In Gesprächen mit Kunden, die Nutzerforschung in China betreiben möchten, fällt uns immer wieder auf: Sie greifen häufig auf klassische demografische Kriterien wie Alter, Geschlecht und Wohnort zurück. Doch innerhalb der jungen chinesischen Konsumkultur setzt sich zunehmend ein ganz anderer Zugang durch – eine Segmentierung auf Basis von psychologischer Identifikation und Persönlichkeitsmerkmalen.

Diese Entwicklung ist kein kurzfristiger Trend, sondern Ausdruck eines tiefgreifenden Wandels: Menschen definieren sich immer weniger über gesellschaftliche Labels und immer mehr über ihren psychischen Zustand.

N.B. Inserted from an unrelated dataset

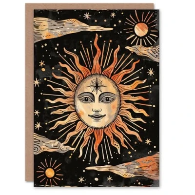 Artery8 Birthday Card Sun Stars Sky Tarot Style Design Triumph Blank Arty Art All Occasion Greeting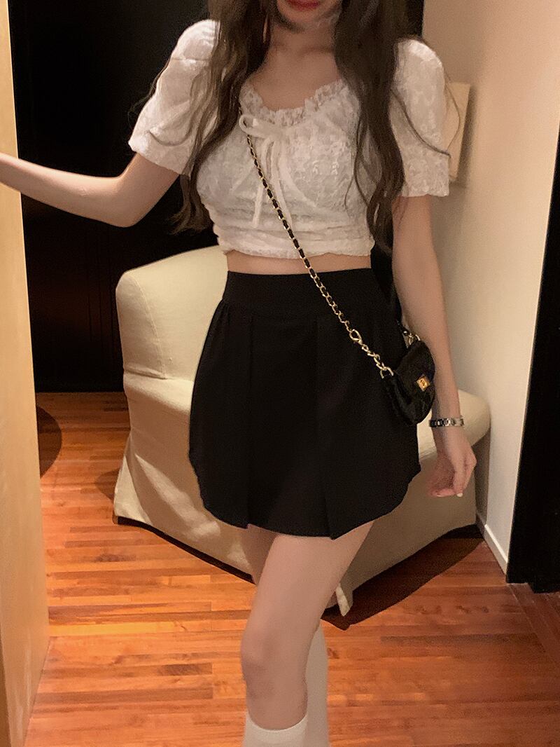 色:白いレースのシャツ一枚,ブラックショートスカートワンピース

Die folgenden Geschichten zeigen, warum klassische Zielgruppeneinteilungen in der heutigen Gesellschaft zunehmend an Aussagekraft verlieren.

 

Geschichte 1: Die 90-jährige Kommilitonin, die sich nie alt fühlte

Ich besuchte einen Abendkurs über europäische Philosophie in Deutschland. Neben mir saß eine über 90-jährige deutsche Studentin. Ich fragte sie:

„Sie haben viel mehr Lebenserfahrung als die meisten anderen – wie hat das Ihr Selbstbild verändert?“

Sie dachte kurz nach und sagte lächelnd:

„Man fühlt sich immer wie derselbe.“

Ich fragte nach: „Meinen Sie damit, dass Sie sich immer noch wie in einem bestimmten Lebensabschnitt fühlen – zum Beispiel in Ihren Dreißigern?“

Sie antwortete: „Genau. Nur wenn mir der Rücken wehtut, merke ich, dass ich alt bin.“

Das erinnerte mich an Gespräche mit vielen über 50-Jährigen (unabhängig von ihrer Herkunft), die mir sagten: „Ich fühle mich eigentlich noch wie 30.“

Jüngere Menschen unter 50 berichten oft, dass sie sich etwa zehn Jahre jünger fühlen als ihr biologisches Alter.

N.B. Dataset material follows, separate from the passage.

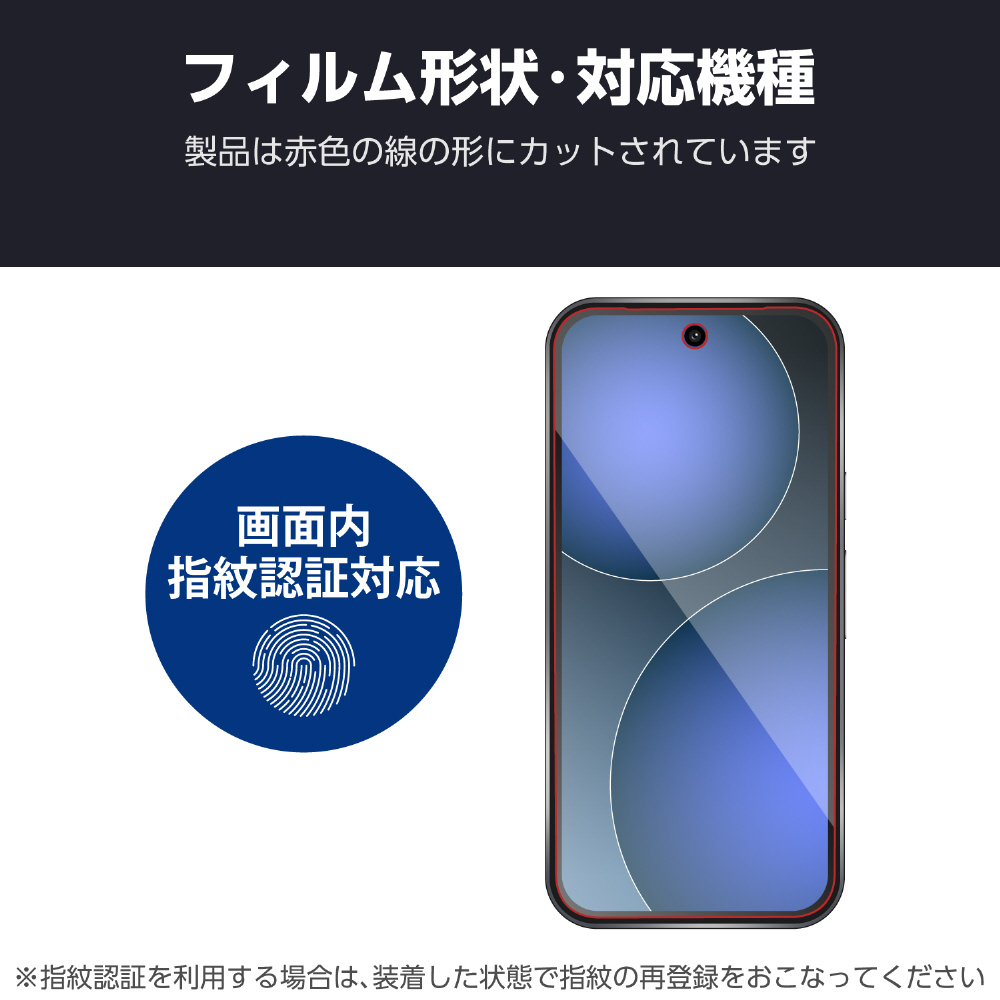 ■※フィルムを装着した状態で画面内指紋認証機能を利用する場合は、装着した状態で指紋の再登録を行ってください。

Meine Gedanke: Psychologisches Alter und biologisches Alter gehen oft weit auseinander. Wird eine Zielgruppe rein nach Lebensjahren segmentiert, verliert man womöglich den Zugang zu ihrem inneren Zustand.

 

Geschichte 2: Warum müssen Veranstaltungen nach Alter oder Geschlecht filtern?

Ich nutze gerne die App Meetup, um Events in Städten zu entdecken. Jeder kann dort ein Treffen organisieren – etwa eine Wanderung am Wochenende – und andere Interessierte klicken einfach auf „Teilnehmen“. 

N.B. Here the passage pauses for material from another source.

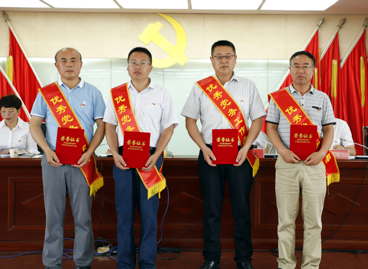 会上,今年新入党的人员进行了宣誓,各支部书记为新党员佩戴党徽和发放了党章。(张明建)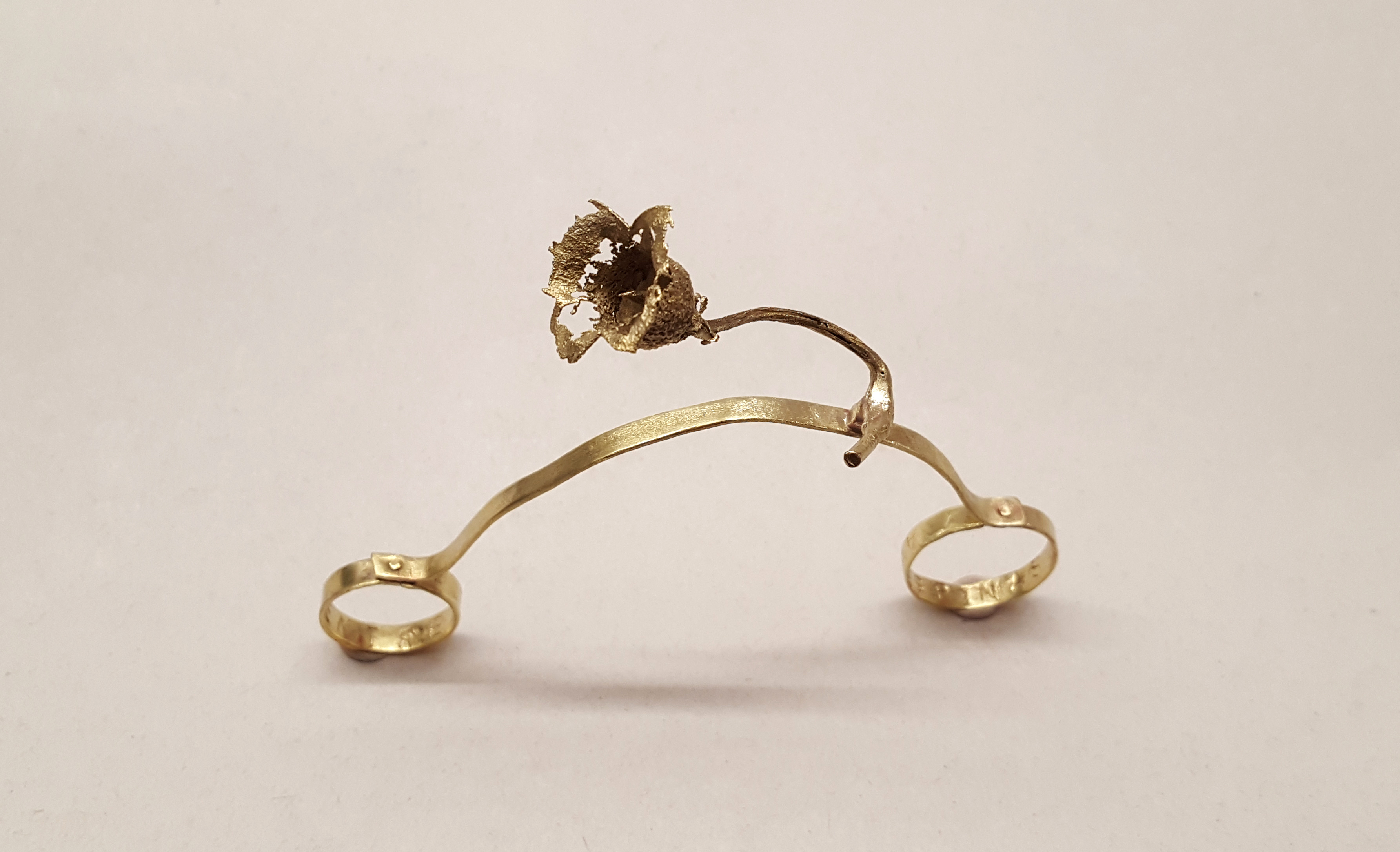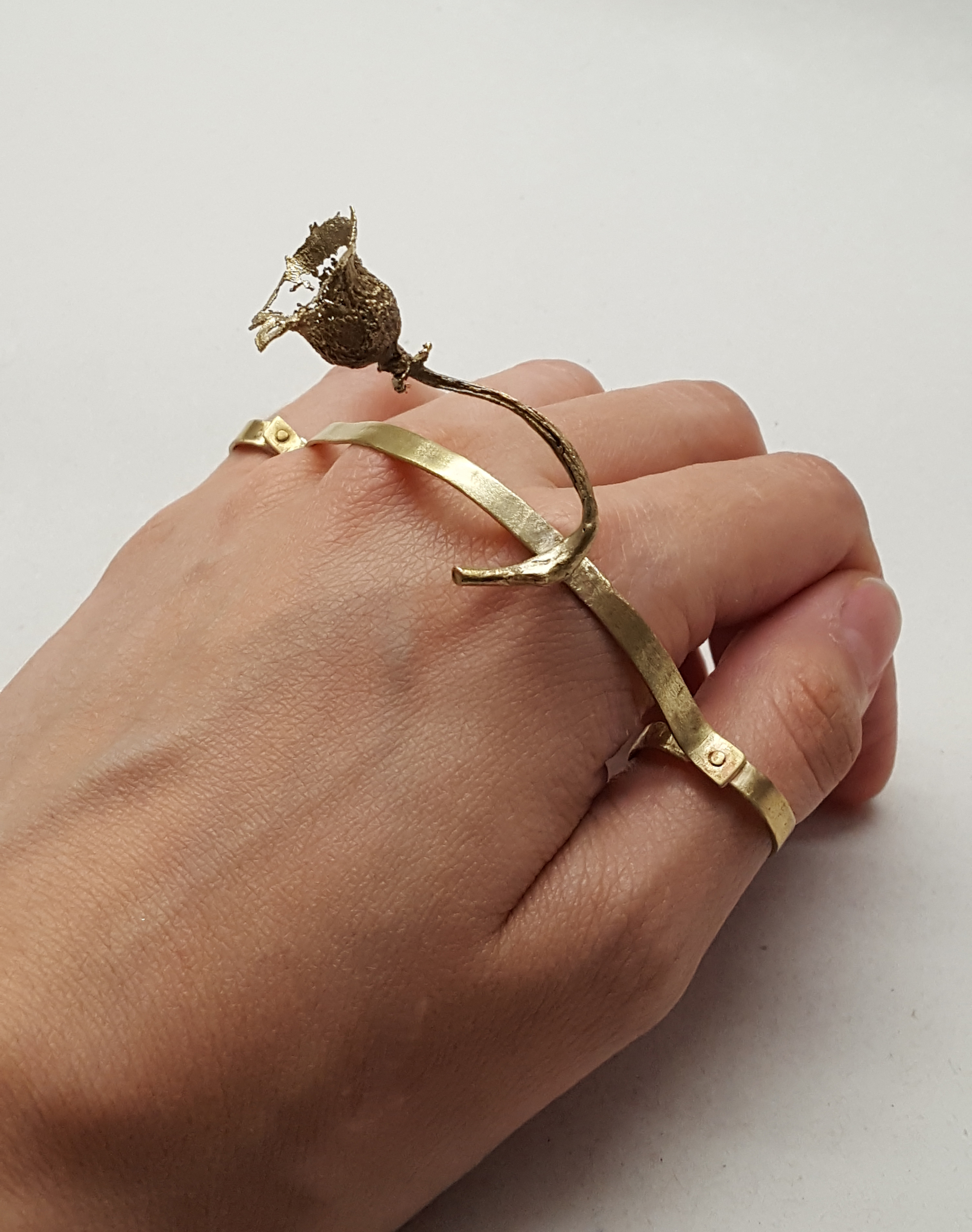 Anillos unidos por remaches móviles que desafían las convenciones, redefiniendo la relación entre la joya y el cuerpo.

Vor Kurzem installierte ich eine ähnliche deutsche App. Zu meinem Erstaunen: Fast alle Eventveranstalter setzen dort Altersgrenzen.

Mit 38 werde ich oft automatisch ausgeschlossen – selbst bei kulturellen Veranstaltungen.

 

Ich fragte mich:

Warum sollte jemand, der Fremde zu einer gemeinsamen Museumsführung einlädt, das Alter oder Geschlecht einschränken?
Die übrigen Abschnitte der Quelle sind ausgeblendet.